To FH Washington’s George Thompson, this tactic could tarnish the White House’s reputation. “The current White House looks insecure and unwilling to face a debate,” Thompson says, “preferring to lash out at Fox (as though people don’t know that they are the bastion of conservative media).”

On the other hand, “A public cut-off is unnecessary,” says Ted Wagnon of FH sister firm Vox Global. “Probably every past Administration had favored and disfavored news gatherers, and controlled their access to that President. Such decisions usually are not disclosed, allowing the President to make himself available again if a least-favored journalist becomes useful. Going public makes a President look huffy and marginally reduces his perceived power.”

“Until very recent years, there was no particular partisanship label applied to media outlets,” says FH Washington’s Donna Rohrer, though I will point out to her that, actually, until the 1960s, there was a long and widely accepted tradition of “Republican” papers and “Democratic” ones, which readers and politicians expected to cover the news from their respective ideological vantage points. That traditional pretty much went away by the end of the ‘60s, with a few exceptions. But I’m being pedantic.

“Yes,” Donna says, “there were conservative and liberal columnists and editorial pages of all stripes, and plenty of accusations of ‘they are against us’ applied by presidential administrations of both parties. Clinton got no more quarter from the press than Bush. Both were rather roundly critiqued and found wanting in some important ways…. Now we find ourselves in a fragmented media world in which consumers can find ‘news’ filtered to suit their worldview tastes, beliefs, and even prejudices.
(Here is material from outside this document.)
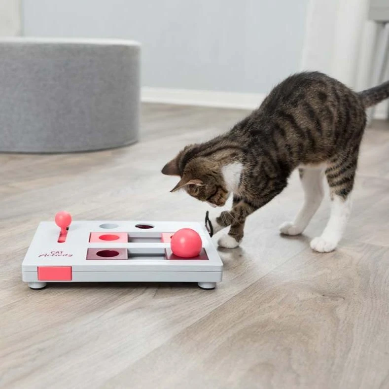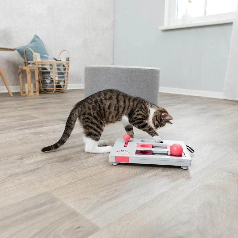 Many cats do not only want physical activity, they need mental challenges as well. Our Cat Activity Strategy Games are excellent for this. With these cat toys, the cat is challenged to work for her treat and solve small tasks in order to get the snacks with the help of paw or mouth. This trains the cat’s dexterity.

At this early stage, in this brave new world, all we can say for certain is that the Obama administration is embarked on a high-risk strategy.”
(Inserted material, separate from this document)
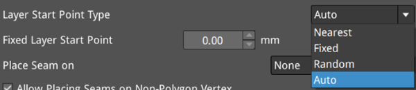 Layer Start Point Type: The type of position where the nozzle starts moving on each layer.
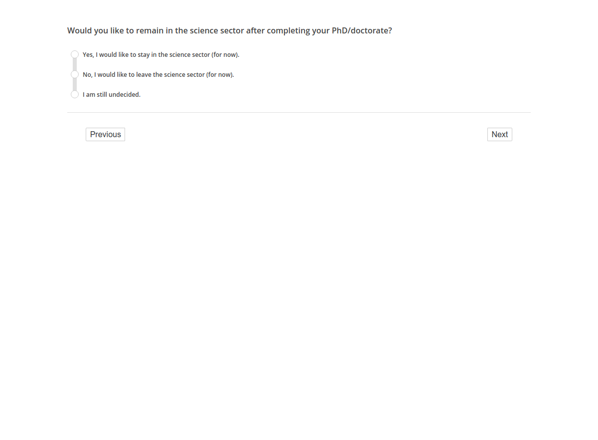 Would you like to remain in the science sector after completing your PhD/doctorate?

“The White House would obviously have been better served by standing above the fray and not getting themselves ensnared in a discussion where they can be accused of blaming the messenger,” says Michael von Herff from FH Ottawa, adding that it’s unrealistic to change the thinking of hardcore Fox followers. “…The White House now will have to ride this one out and demonstrate the courage of their convictions by sticking to their guns. That must stop short of actively provoking more confrontation, just let this thing become the ‘new normal.’ And, if they do, you can expect to see Fox howl and yowl for a long time, but ultimately be worse off for not having access to the President in the ways that the other media outlets benefit from.”

William Palen of FH Dallas says, “If the Administration truly believes in its policies, then it should embrace every opportunity to defend them on Fox News.”

To be sure, nothing the White House has said or done (that I’m aware of) precludes this possibility. Indeed, it’s not like the White House has steered completely clear of Fox. As this June 2009 clip of Carol Browner, the White House advisor on environmental initiatives, shows, there are ways of dealing with hostile interviewers and still winning. Fox News interviews tried diligently to get Browner to say that the cap-and-trade bill was essentially a disguised tax on the American people; she stood her ground and called it an important engine of economic development. People in our business should watch it and marvel at a great example of an interviewee taking control of an interview.

But, in a way, one has to wonder what the fuss is about. There’s nothing new about political offices or even corporations taking special steps to deal gingerly with a difficult media outlet or reporter. I’ll finish with another word from Michael von Herff, who writes: “The fact that this is news indicates just how derivative the political discourse has become. We have gone from talking about actual events to talking about how people talk about actual events to, now, talking about how the White House is talking about how people talk about actual events. With all of the trouble in the world this is the best we can do?”